Additional information regarding gitignore files can be found here.
As we mentioned earlier, distributed workflows allow developers collaborating on projects much more flexibility. Every developer using Git can be both a node and a hub; this means he/she can own a main repository which collaborators contribute to and base their work off of while also contributing code to other repositories. This opens up the possibilities for workflows immensely.
For now, we are only going to discuss a couple of the most common distributed workflows.
The centralized workflow entails the existence of one main hub, which can accept code. In this type of structure, many developers synchronize to this central repository, pushing and merging changes to it.

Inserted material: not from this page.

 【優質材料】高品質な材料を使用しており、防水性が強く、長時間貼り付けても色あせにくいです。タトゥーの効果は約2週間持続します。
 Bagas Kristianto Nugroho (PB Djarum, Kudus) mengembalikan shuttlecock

This workflow structure involves multiple remote repositories. In this scenario, there is often one main project repository, and developers can have read access to others’ repositories and write access to their own. Those involved in the Integration-Manager Workflow create clones of the main project repository, push any changes to it, and ask the repository maintainer to pull in the pushed changes. The maintainer can add someone’s repository as a remote, test changes locally, merge them into their branch, and push back to their repository.

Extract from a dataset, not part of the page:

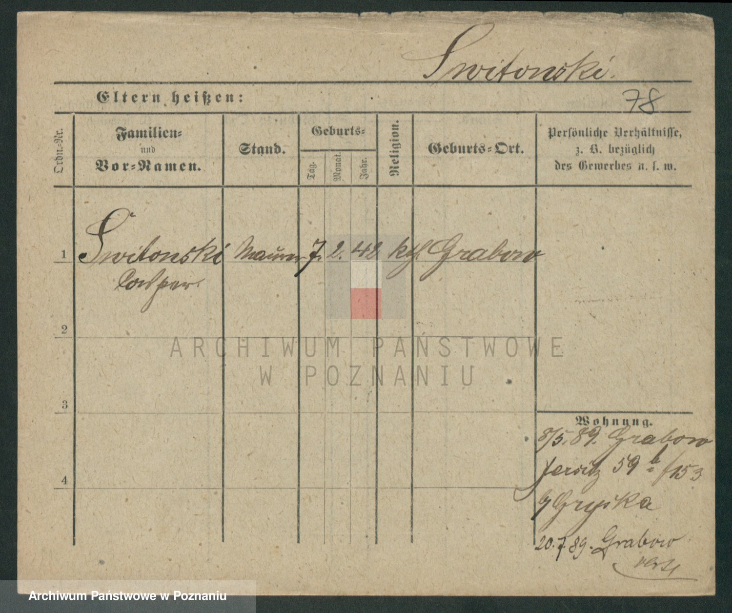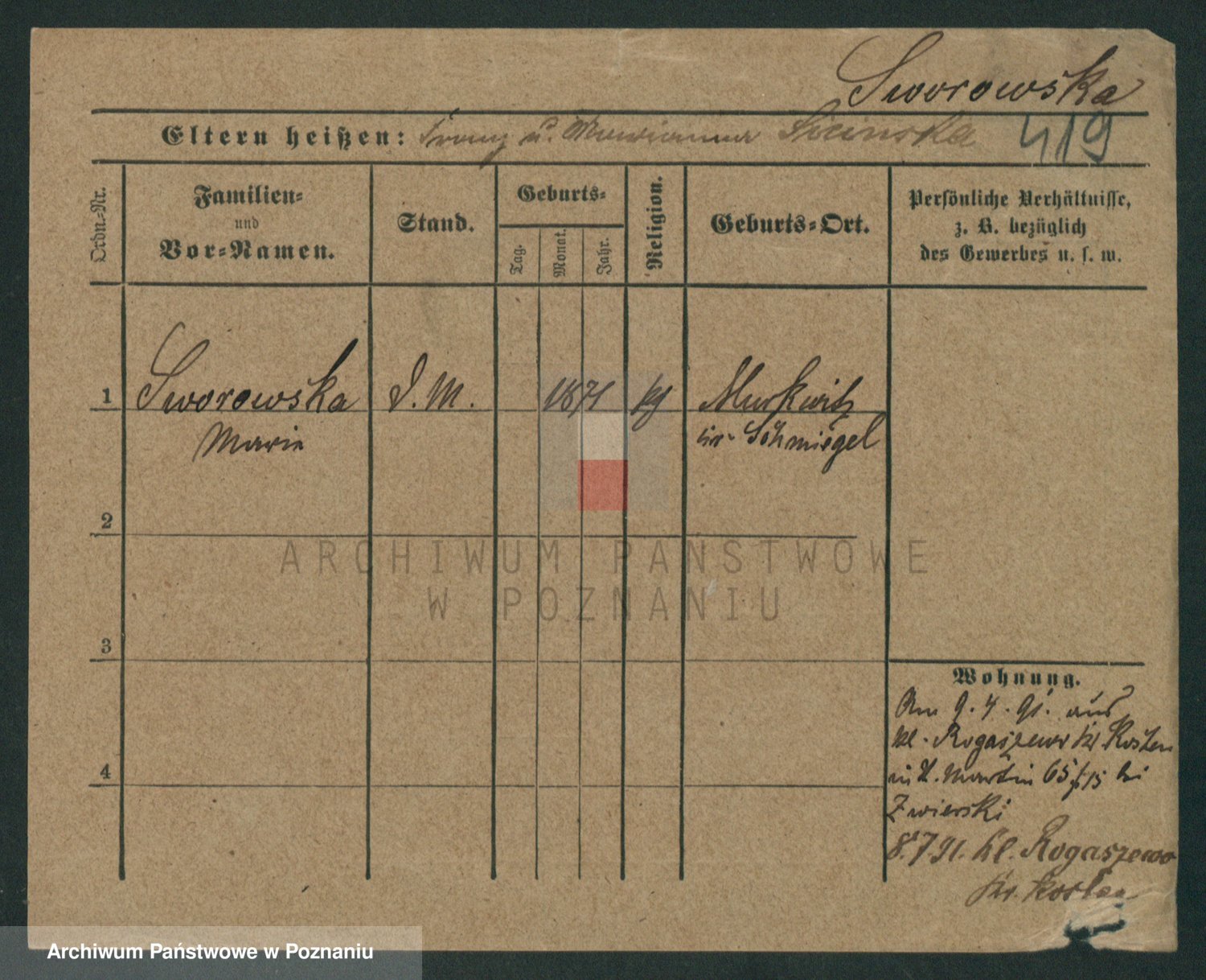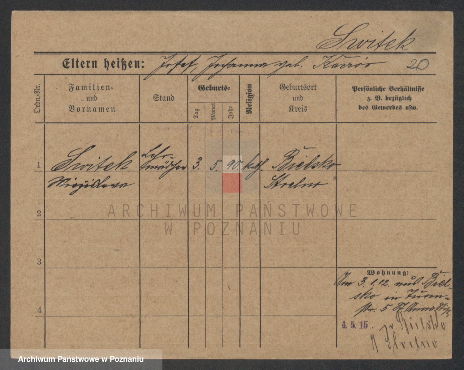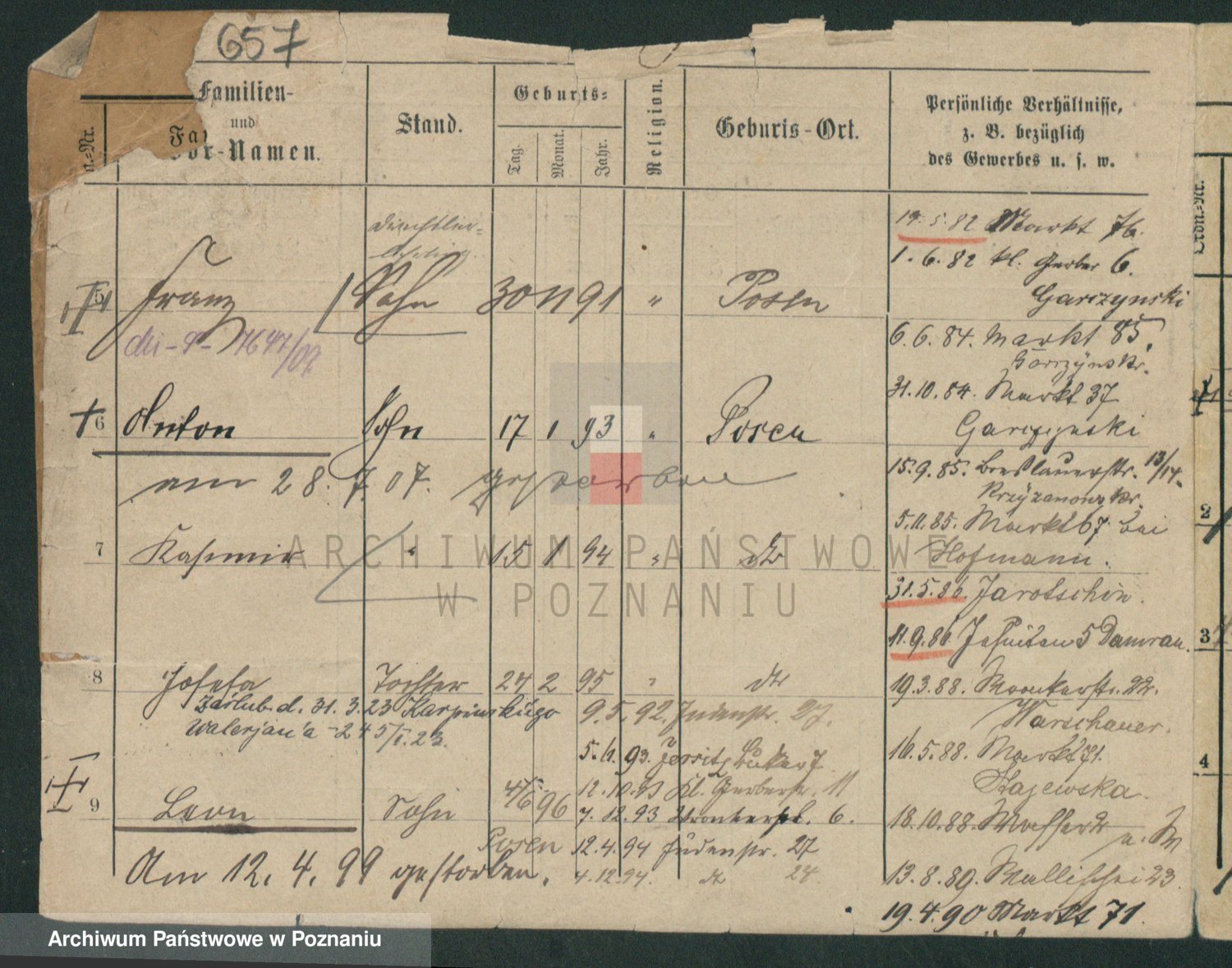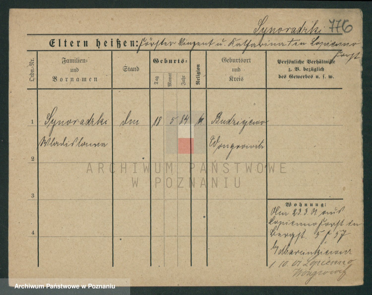 Podgląd karty osobowej dostępny jest po kliknięciu na nazwisko lub ikonkę karty. Można dokonywać powiększenia (ikony na górze) lub przechodzić między kolejnymi skanami (strzałki po bokach).

This workflow is commonly found with hub-centered resources, such as GitHub (we’ll talk about GitHub in the next section).
As previously mentioned, GitHub is a hub-focused tool which facilitates Integration-Manager Workflow. It is the largest existing host for Git repositories and is used by millions of developers worldwide. A high percentage of Git repositories reside on GitHub, and this resource is used by many open source projects.
First, in order to use GitHub, you must set up a free user account. You can easily do this by visiting https://github.com.
To contribute to a project which you do not have push privileges for, you can “fork” a project, which means you will have your own copy of it, which you can freely push to. To complete a “fork,” look for the Fork button at the top right of the project page.
GitHub’s collaboration workflow revolves around Pull Requests.
Here are the main steps of the GitHub collaboration workflow:
- Create a topic branch from master.
- Commit changes for the project.
- Push the topic branch to the GitHub project.
- Open a Pull Request.
- Confer with team and perform additional commits, if applicable.
- The project owner closes or merges the Pull Request.